Car son instrument, c'est son âme, elle rit, pleure, chante, gémit, se perd en élans de grâce, de sensibilité; pathétique, fantasque, ardente, passionnée, bizarre, pleine de goût..... Non, il n'y a point de vocabulaire pour analyser cela; sublime, prodigieux ne disent rien de ce que je veux vous dire.

Baillot, de Bériot 5 jouent admirablement du violon; celui-ci joue de..... trouvez un mot, si vous pouvez. Il a créé des sons, un instrument; il est nouveau, incroyable, inimitable; il est lui, Paganini, qui fait bondir de joie, qui émeut, qu'on applaudit avec étonnement d'abord, avec enthousiasme après, puis avec frénésie.
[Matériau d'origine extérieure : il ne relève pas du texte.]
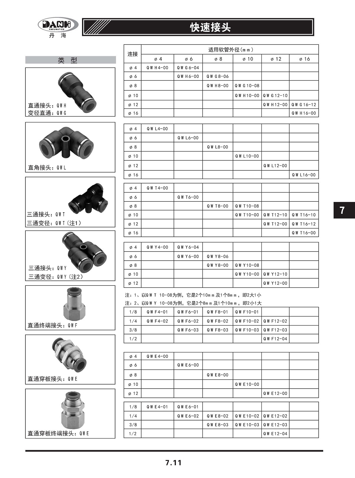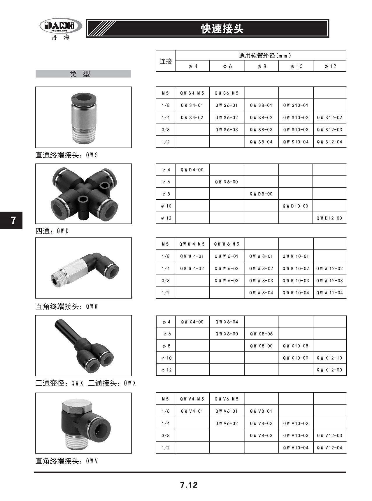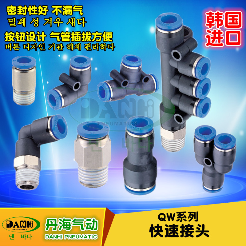 韩国DANHI丹海气动元件QW系列快速接头,快插接头,气动接头,气管快插接头,塑料快插接头,气嘴接头,快插气接头,气管卡盘接头,螺纹弯头,软管接头,铜接头,气缸接头,PU管接头,电磁阀接头,换向阀接头,QWH直通终端接头(QWH6-01、QWH6-02、QWH8-01、QWH8-02、QWH10-02、QWH10-03、QWH12-02、QWH12-03、QWH12-04、QWH16-03、QWH16-04),QWL直角终端接头(QWL6-01、QWL6-02、QWL8-01、QWL8-02、QWL10-02、QWL10-03、QWL12-02、QWL12-03、QWL12-04、QWL16-03、QWL16-04),QWT三通T型终端接头,QWY三通Y型终端接头,QWU三通接头,QWG直通变径接头(QWG6-04、QWG8-04、QWG8-06、QWG10-06、QWG10-08、QWG12-08、QWG12-10、QWG16-12),QWH直通等径接头(QWH4-00、QWH6-00、QWH8-00、QWH10-00、QWH12-00、QWH16-00),QWL直角等径接头(QWL4-00、QWL6-00、QWL8-00、QWL10-00、QWL12-00、QWL16-00),QWT三通T型等径接头(QWT4-00、QWT6-00、QWT8-00、QWT10-00、QWT12-00、QWT16-00),QWT三通T型变径接头,QWY三通Y型三通等径接头(QWY4-00、QWY6-00、QWY8-00、QWY10-00、QWY12-00),QWY三通Y型变径接头,QWF内螺纹直通终端接头(QWF6-01、QWF6-02、QWF8-02、QWF8-03、QWF10-02、QWF10-03、QWF10-04、QWF12-02、QWF12-03、QWF12-04),QWE穿板接头(QWE4-00、QWE6-00、QWE8-00、QWE10-00、QWE12-00),QWE内螺纹穿板接头,QWS内六角外圆直通接头,QWD四通等径接头(QWD4-00、QWD6-00、QWD8-00、QWD10-00、QWD12-00),QWW直角外螺纹加长终端接头,QWX三通接头,QWV直角外螺纹终端接头,QWM1快速接头汇流板,QWM2五通快速接头,QWM3五通变径接头。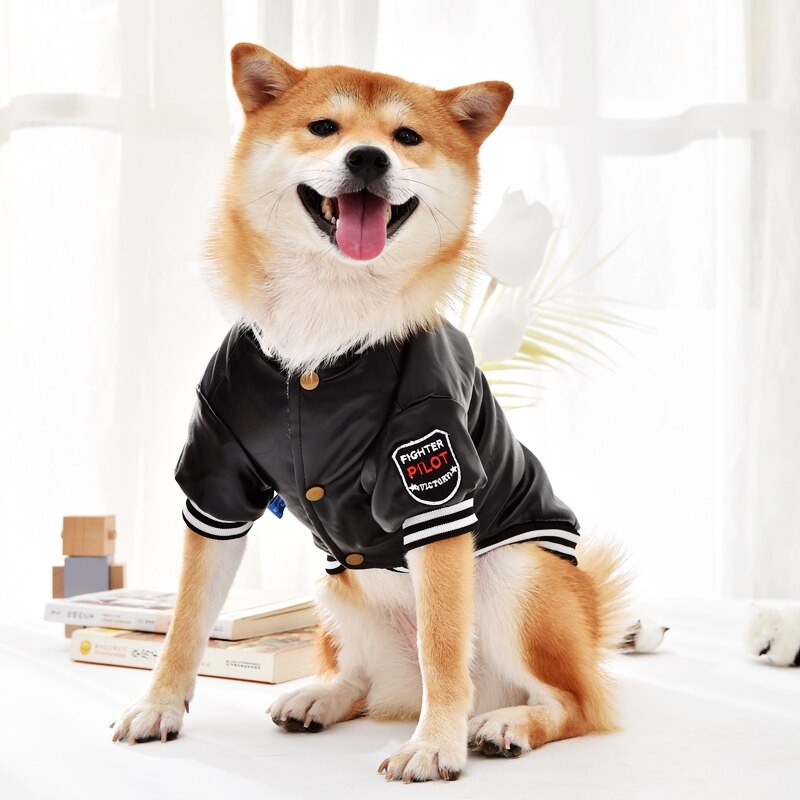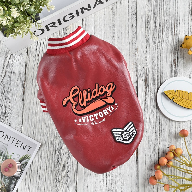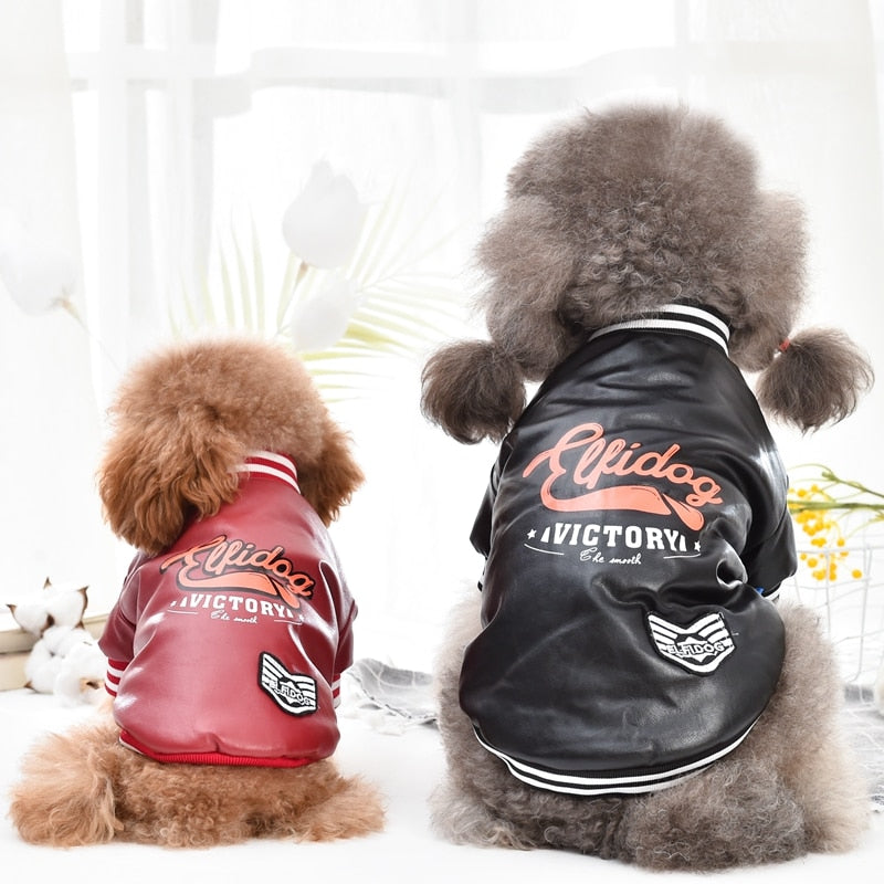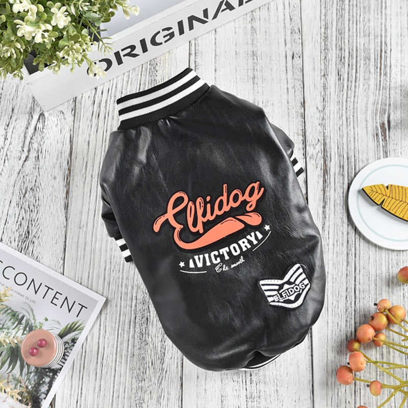 Koženková stylová bunda pro psy s nápisem. Více barev na výběr.

Paganini! Il fallait Paganini pour nous faire oublier pendant deux heures la Pologne 6, et l'avenir terrible peut-être de la France.


Notes

  1. Il s'agit du mardi 8 mars, la veille du premier concert de Paganini.
  2. Pierre Marie François-de-Sales Baillot (1/10/1771-15/9/1842) avait été nommé premier violon de concert et premier violon soliste à l'Opéra en 1820. Il résigna cette première place au bout de quelques années et conserva la deuxième jusqu'en 1831.
  3. Aurore connaissait bien le célèbre cirque Franconi, où elle avait assisté à une représentation au début de décembre 1827 (L.167 in Corr.I p.415).
  4. Portrait sans complaisance de Paganini, physionomiste dans le goût du temps, dramatique et romantique, qui ne peut être que d'un observateur attentif. Ce portrait est bien conforme aux gravures de l'époque mais sa précision révèle que l'auteur de l'article était présent à la soirée chez Baillot. Paganini avait alors quarante-huit ans; on semble penser aujourd'hui qu'il était atteint du syndrome de Marfan, maladie génétique qui affecte, entre autres, le squelette — les mains en particulier chez Paganini.
    On remarquera dans le style de l'article deux répétitions évitables: couronnent et couronné, et deux fois tout cela; cela dénote l'inexpérience ou plus probablement la hâte.
  5. Charles-Auguste de Bériot (20/2/1802-8/4/1870), compositeur et violoniste belge, amant puis second mari (en 1836) de la Malibran. Avec Baillot, il avait été violoniste de Charles X (1827-1830).
  6. La diète de Pologne avait publié le 20 décembre 1830 un Manifeste retraçant « un tableau des souffrances et des humiliations endurées de 1815 à 1830 par les deux Chambres, par l'armée, par la magistrature, et par toute la nation polonaise » (/GDU/ article Pologne, t.12 p.1317). Si l'article du Figaro est bien d'Aurore Dudevant, cela serait la première manifestation de l'intérêt que celle-ci portait à la Pologne, antérieure donc à la lettre du 21 septembre à Latouche (voir le très intéressant article de Marie-Paule Rambeau, George Sand et la Pologne, in Les Amis de George Sand nouvelle série, n° 29, 2008, pp.7-39).